WORK TO BE COMPLETED: Print exactly what appears from the line containing "Lot 114, Dubai Millennium filly" through the final line of the data below, pictures excluded.

DATASET:
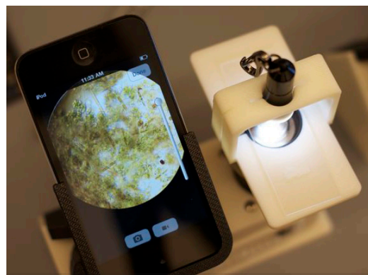
Due to advances in mobile phone technology, CellScope may soon provide diagnostic solutions at the same rate as any digitally enhanced microscope in a well-equipped hospital.

Not only was the potential for disease diagnosis outside of hospital infrastructure considerable, Fletcher and
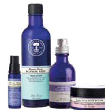
Hello, sweet slumber. Beauty Sleep bedtime collection , £50, nealsyardremedies.com
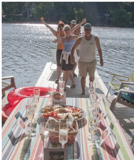
And nobody fell in

Judging by the enthusiasm shown by the tasters the lake is a great place to drink (our research has shown that this is a trait shared by many locations).
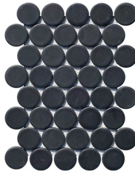
SSE-866 Onyx Matte
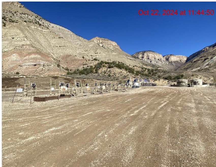
Location Entrance – Photo #04380
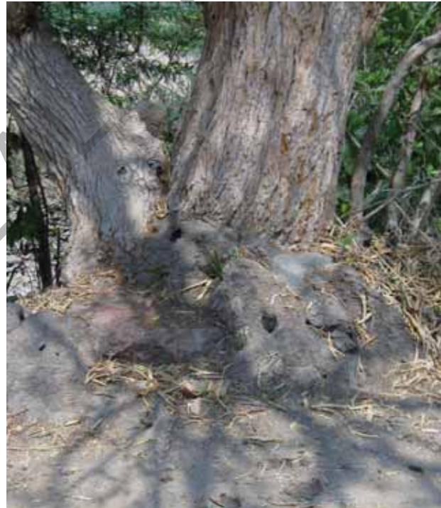
Fig 20.3 Maisamma

Yellamma: Yellamma is also called as Poleramma, ‘Maridamma’, ‘Renuka’ Mahankali, Jogamma, Somamma and by
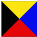
20% Scoring Penalty (Z) Flag

If flag Z has been displayed, no part of a boat's hull, crew, or equipment shall be in the triangle formed by the ends of the starting line and the first mark during the minute before her starting signal. If a boat breaks this rule and is identified, she shall receive, without a hearing, a 20% scoring penalty calculated as stated in rule 44.3(c). She shall be penalized even if the race is restarted, resailed or rescheduled, but not if it is postponed or abandoned before the starting signal. If she is similarly identified during a subsequent attempt to start the same race, she shall receive an additional 20% Scoring Penalty.
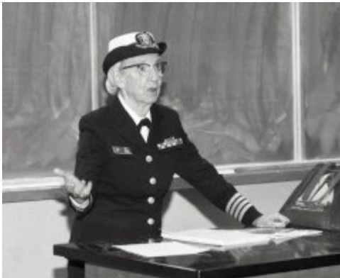
Navy Rear Admiral Grace Hopper
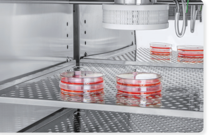
Stainless steel liner & water pond
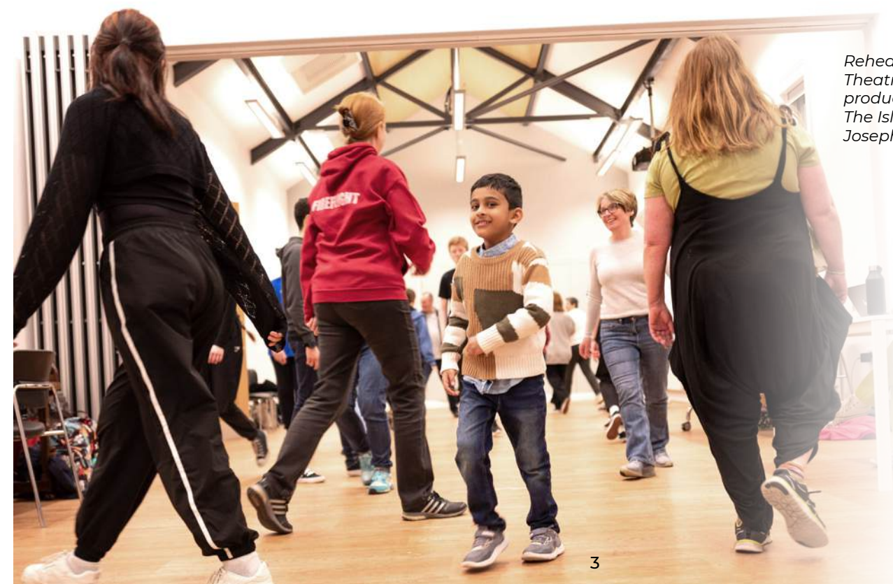
Rehearsals for the National Theatre Public Acts production of 'The Odyssey: The Island of the Sun'.
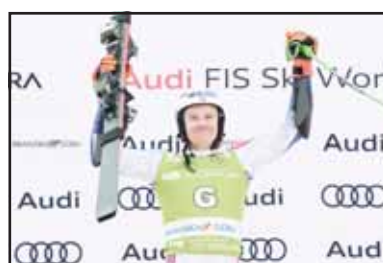
Norway's Henrik Kristoffersen celebrates on the podium after winning an alpine ski, men's World Cup giant slalom, in Kranjska Gora, Slovenia.
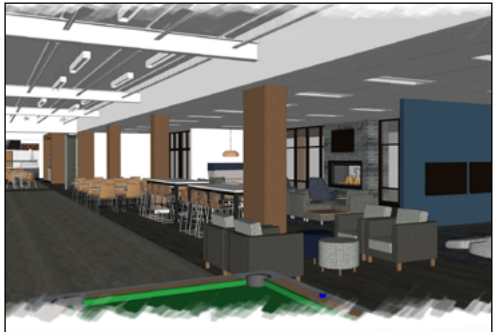
The interior of the Student Center will include significant lounge and game areas for students to enjoy as well as new dining facilities. Image credit: Credo Design Architects.

✉ Letters Policy: The Clarion welcomes letters to the editor. We reserve the right to edit letters for length or content. We do not publish letters whose authorship cannot be verified.
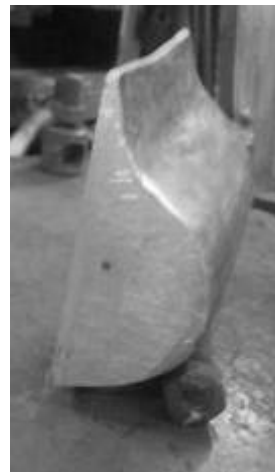
Figure 3 – A new baked form
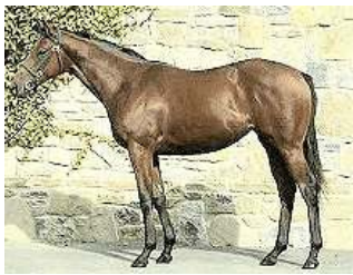
Lot 114, Dubai Millennium filly
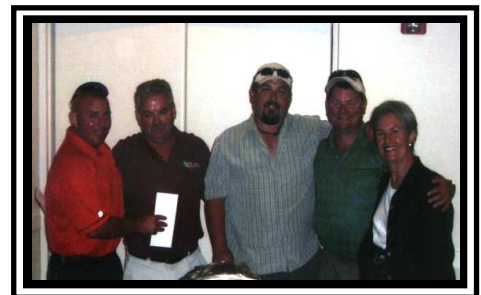
1st Place Flight B
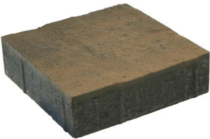
River Rock 2 290 mm x 290 mm x 80 mm 11.4" x 11.4" x 3.1"
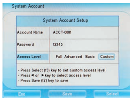
Create name, password and access level for up to ten users

Use password protection to secure selected meter functions while leaving others accessible for the customized security needed for your laboratory and data reporting needs. The system access feature can easily be turned on or off as the needs of your lab change for the ultimate flexibility in operation and ease-of-use.
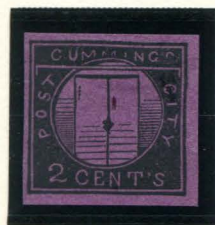
TYPE I FORGERY E SCOTT 2¢ BLACK ON VIOLET (55L1)
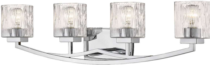
| I |
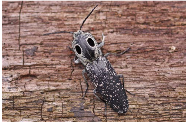
Eyed click beetle.

EXERCISE RESULT:
Lot 114, Dubai Millennium filly
1st Place Flight B
River Rock 2 290 mm x 290 mm x 80 mm 11.4" x 11.4" x 3.1"
Create name, password and access level for up to ten users

Use password protection to secure selected meter functions while leaving others accessible for the customized security needed for your laboratory and data reporting needs. The system access feature can easily be turned on or off as the needs of your lab change for the ultimate flexibility in operation and ease-of-use.
TYPE I FORGERY E SCOTT 2¢ BLACK ON VIOLET (55L1)
| I |
Eyed click beetle.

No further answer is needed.